И при виде бедных людей этих – сотоварищей печального пути моего по бурному, если не смешно так выразиться, морю житейскому, живее чувствуется мне мое прошлое горе, глубже западают в душу настоящие невзгоды и нужды, потому что грустно размышляю я в это время о бесконечном ряде справедливых жизненных драм, обыкновенно разыгрывающихся в этих комнатах на страшную тему о погибели молодой энергичной жизни, разбитой нуждою железною.
– Брат мой! – слышится мне мягкий голос редко когда уже вспоминаемого юноши, с которым, в пылу молодых мечтаний о великом и добром труде жизненном, побратались мы на жизнь и на смерть, – и в этой радости, чтобы был ты при смерти моей, мне отказал бог!
Страшной, томительною мукой наполняют душу мою слова эти, потому что, на великое несчастье мое, так ясно, так осязательно представляется мне в это время прекрасная жизнь в тяжкой борьбе с мучительной смертью, – и не могу я тогда дать себе отчета в том, для чего существовала эта жизнь, зачем она, жаждавшая счастья и деятельности, так долго и так тяжело страдала и, наконец, зачем она, не выдержавши этих страданий, так видимо незаконно умирает теперь в глазах моих, не примиренная с грубостью жизни ни одним словом утешения, ни малейшим признаком участия людского?..
И другой образ, грациозный и светлый, восстает предо мной.
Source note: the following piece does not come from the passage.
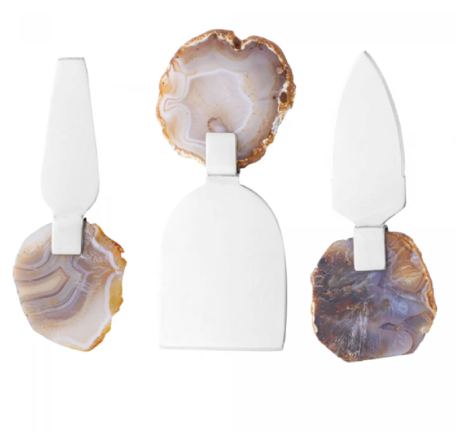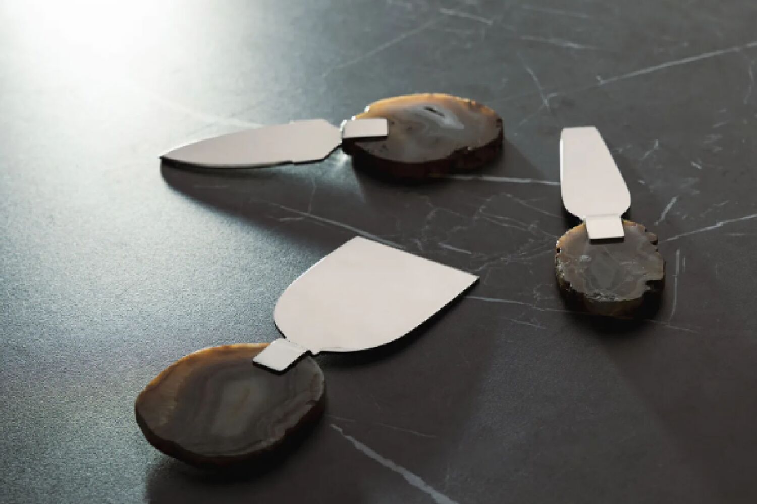 Estas facas apresentam um design elegante e contemporâneo, combinando a durabilidade do aço inoxidável com a beleza natural da ágata. Cada faca é uma obra-prima de artesanato, adicionando um toque de sofisticação à sua mesa de queijos.
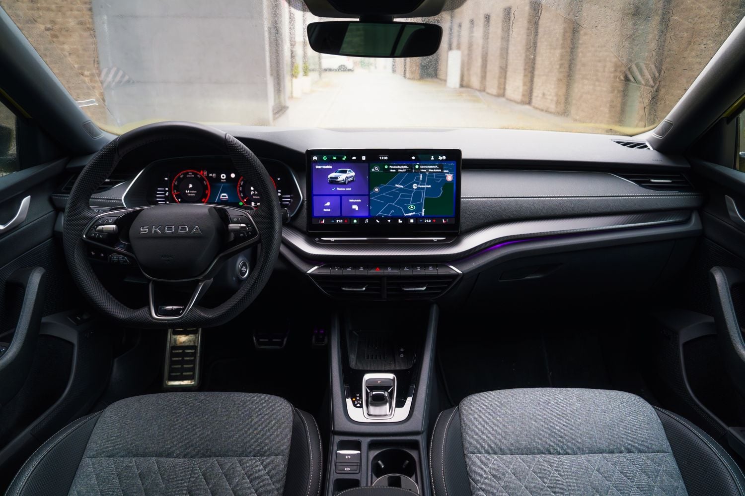 Interiér faceliftovanej Škody Octavia ide presne v duchu aktuálnej digitálnej filozofie koncernu Volkswagen Group. Hlavnú rolu hrá 13-palcový centrálny displej, ktorý dnes tvorí základ takmer každej vyššej špecifikácie. Reakcie systému sú rýchle, grafika čistá a navigácia pracuje prehľadne. Oceňujem, že výrobca zapracoval na logike menu, k asistenčným systémom sa dostanete rýchlo a ich vypnutie neznamená zdĺhavé preklikávanie.

Как и в прежнее счастливое время, беспечальный и наивный, шутливо лепечет он мне о вечной разлуке с дорогим человеком.
– Ах, сосед! – говорит мне милый голос. – Как он умирал страшно, сказать но могу. Ведь, знаете вы, какой он всегда смирный был да веселый; а тут… ах! вспомнить ужасно: зеленый-зеленый весь сделался, ровно трава вешняя, и как же бранился он страшно, зубами как скрежетал!.. Одна я только усмирять его немного могла. Положу, бывало, руку к нему на лоб и смотрю на него, – он как будто и покойнее станет. Вижу я так-то, что уж немного ему жить остается, и говорю: «Ты бы, говорю, родным что-нибудь написал». – «Да, точно! говорит, написать нужно. Напиши, говорит, ты повестку такую общую и родным и знакомым моим, что, дескать, родственник ваш или приятель такой-то (знаешь, говорит, как на бал приглашают), умирая, изъявляет свое крайнее сожаление, что не может он вам на прощанье всем в глаза плюнуть!..
Покорнейше проси их извинить меня на этот раз: сил, скажи, не было…» Долго он тут смеялся, отвернувшись и от меня к стене; с тем и умер. А за ним и меня отнесли. Не могла я жить без него – тоска страшная очень мне грудь надсадила. Вот и платье, в котором меня схоронили. Прелесть, что за платье такое! Белое-белое как «кипень», – с улыбкой лепечет девушка, употребляя слово своей далекой родины. – Жаль, не было вас: голову мне в это время убрали цветами, и подушку, и гроб – все завалили цветами (недороги цветы были тогда, – весной я умирала), и несли меня все наши девушки. Вы их всех знаете: те, с которыми я на одном месте работала, – они все при вас бывали у меня. Ах, помните вы, как нам весело было! Хозяйка-то нас распугивала как, помните? «Деньги, говорит, подавайте: первое число подошло». Не могу без смеха вспомнить этой хозяйки; совсем у ней «мужчинская» борода была и голос толстый такой. Я всегда думала, что она меня съест, когда, бывало, не достанешь ей денег к первому числу. Ну, прощай, сосед! Я улечу сейчас: я летаю ныне – вот посмотрите!
И действительно, словно белый голубь, то взвивалась она в далекое поднебесье, то снова спускалась ко мне, порхая перед глазами моими какою-то невиданною птицей и чаруя меня своей милой улыбкой, с которою она показывала мне недавно приобретенное уменье летать.
– Што те, комлу, што ль, надыть? – рычит недавно приехавший из самого степного села дворник, злой от вчерашнего похмелья, суровый и всклокоченный по природе. – В четверто крыльцо на третий этаж по колидору ступай, там те комла и будет.
Испугался милый призрак сурового голоса и улетел на небо, а мрачный дом по-прежнему мрачно и неустанно смотрит на улицу своими бесчисленными окнами, сторожит, должно быть, чтобы не вылетели несчастные птицы, заживо погребенные в его душных клетках; и грязный билет тоже по-прежнему бьется и трепещет на ветре своими двумя отклеившимися углами, останавливая на себе внимание проходящих.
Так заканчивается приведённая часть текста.